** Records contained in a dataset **

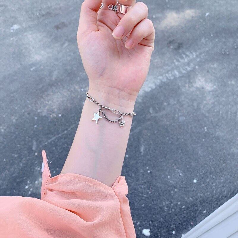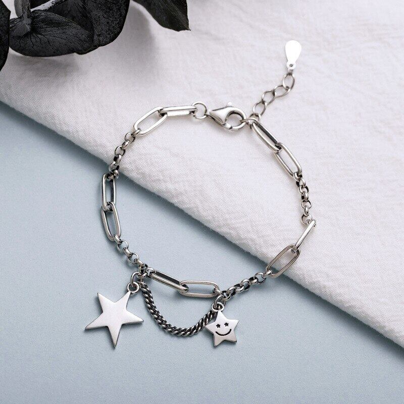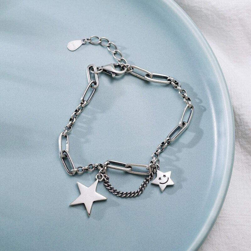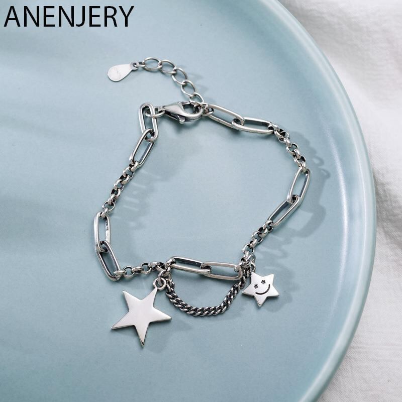 送料無料 ANENJERYシルバーカラースマイルフェイススタータイシルバーブレスレットTelチェーンブレスレットレディースジュエリーギフトS-B381 銀 アクセサリー AE165538702766683
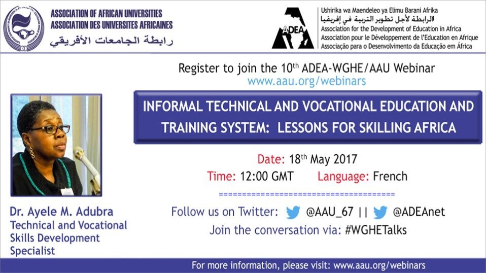 10th ADEA-WGHE/AAU Webinar: Informal Technical and Vocational Education and Training System: Lessons for Skilling Africa
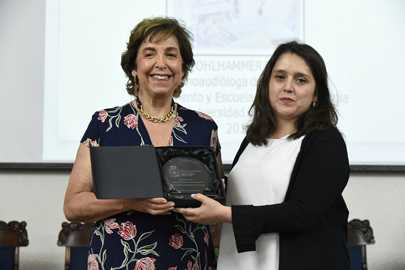 La académica apuntó además al trabajo realizado por la homenajeada en el archipiélago Juan Fernández sobre genética y trastornos específicos de lenguaje.
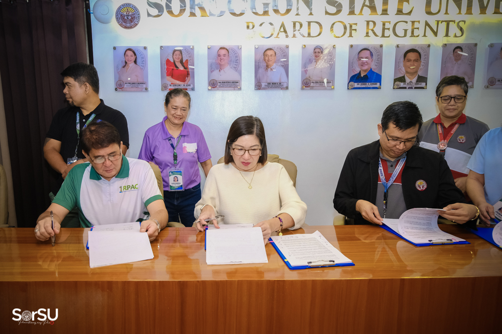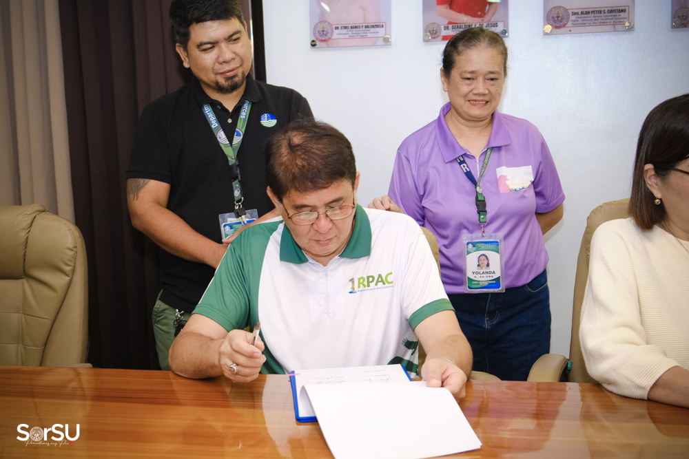 The agreement establishes cooperation between SorSU and DENR ROV for the implementation of the GEF-UNDP-DENR-funded project on the National Framework for Access and Benefit Sharing (ABS) of Pili genetic resources, and promotes fair and equitable sharing of benefits derived from their utilization.
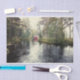 Papel De Seda Cute granero rojo en un bosque aislado y lago
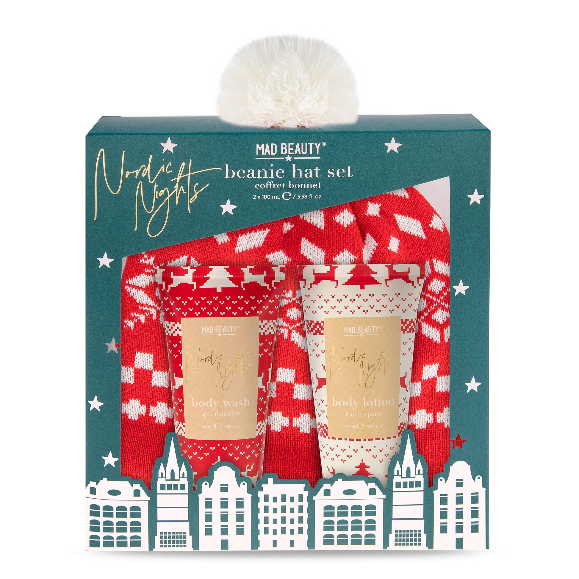 Inspired by Nordic nights, get warm and cosy with this set which includes a gorgeous fair isle beanie hat along with a body wash and lotion. Fragranced with sweet vanilla and amber, indulge in a warming shower before braving the outdoors in your stylish hat.
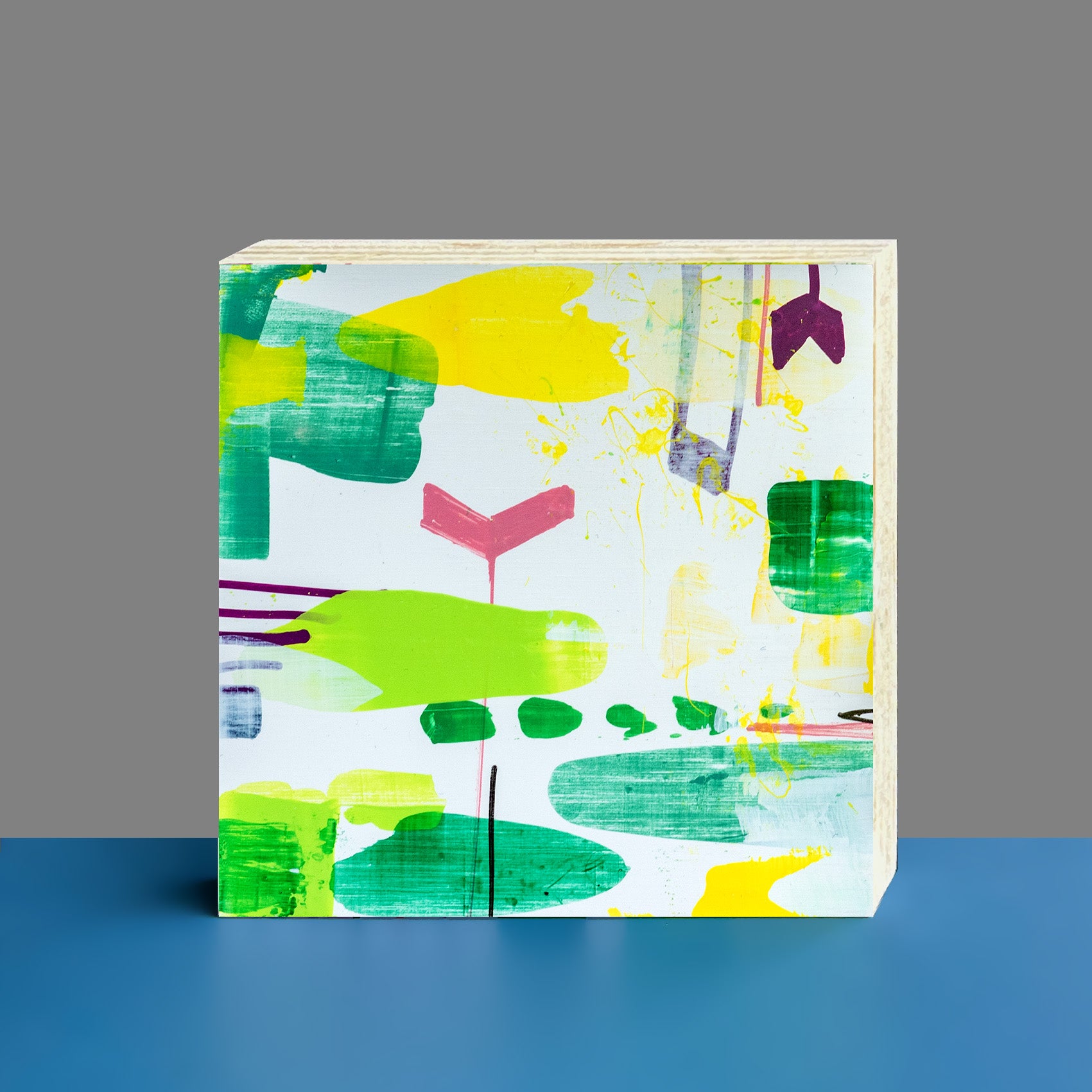 Kleines abstraktes Gemälde zum Aufstellen oder Aufhängen.
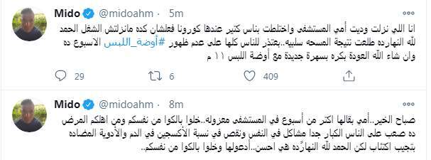 وكتب أحمد حسام ميدو تغريدة علة تويتر " صباح الخير.. أمي بقالها اكتر من أسبوع في المستشفى معزولة.. خلوا بالكوا من نفسكم ومن أهلكم المرض ده صعب على الناس الكبار جدا مشاكل في النفس ونقص في نسبة الأكسجين في الدم والأدوية المضادة بتجيب اكتئاب لكن الحمد لله النهارًده هي أحسن..أدعولها وخلوا بالكوا من نفسكم.."

** WORK REQUIRED **
The expected output is every entry above, retyped exactly, with the pictures removed.

** YOUR SOLUTION **
 送料無料 ANENJERYシルバーカラースマイルフェイススタータイシルバーブレスレットTelチェーンブレスレットレディースジュエリーギフトS-B381 銀 アクセサリー AE165538702766683
 10th ADEA-WGHE/AAU Webinar: Informal Technical and Vocational Education and Training System: Lessons for Skilling Africa
 La académica apuntó además al trabajo realizado por la homenajeada en el archipiélago Juan Fernández sobre genética y trastornos específicos de lenguaje.
 The agreement establishes cooperation between SorSU and DENR ROV for the implementation of the GEF-UNDP-DENR-funded project on the National Framework for Access and Benefit Sharing (ABS) of Pili genetic resources, and promotes fair and equitable sharing of benefits derived from their utilization.
 Papel De Seda Cute granero rojo en un bosque aislado y lago
 Inspired by Nordic nights, get warm and cosy with this set which includes a gorgeous fair isle beanie hat along with a body wash and lotion. Fragranced with sweet vanilla and amber, indulge in a warming shower before braving the outdoors in your stylish hat.
 Kleines abstraktes Gemälde zum Aufstellen oder Aufhängen.
 وكتب أحمد حسام ميدو تغريدة علة تويتر " صباح الخير.. أمي بقالها اكتر من أسبوع في المستشفى معزولة.. خلوا بالكوا من نفسكم ومن أهلكم المرض ده صعب على الناس الكبار جدا مشاكل في النفس ونقص في نسبة الأكسجين في الدم والأدوية المضادة بتجيب اكتئاب لكن الحمد لله النهارًده هي أحسن..أدعولها وخلوا بالكوا من نفسكم.."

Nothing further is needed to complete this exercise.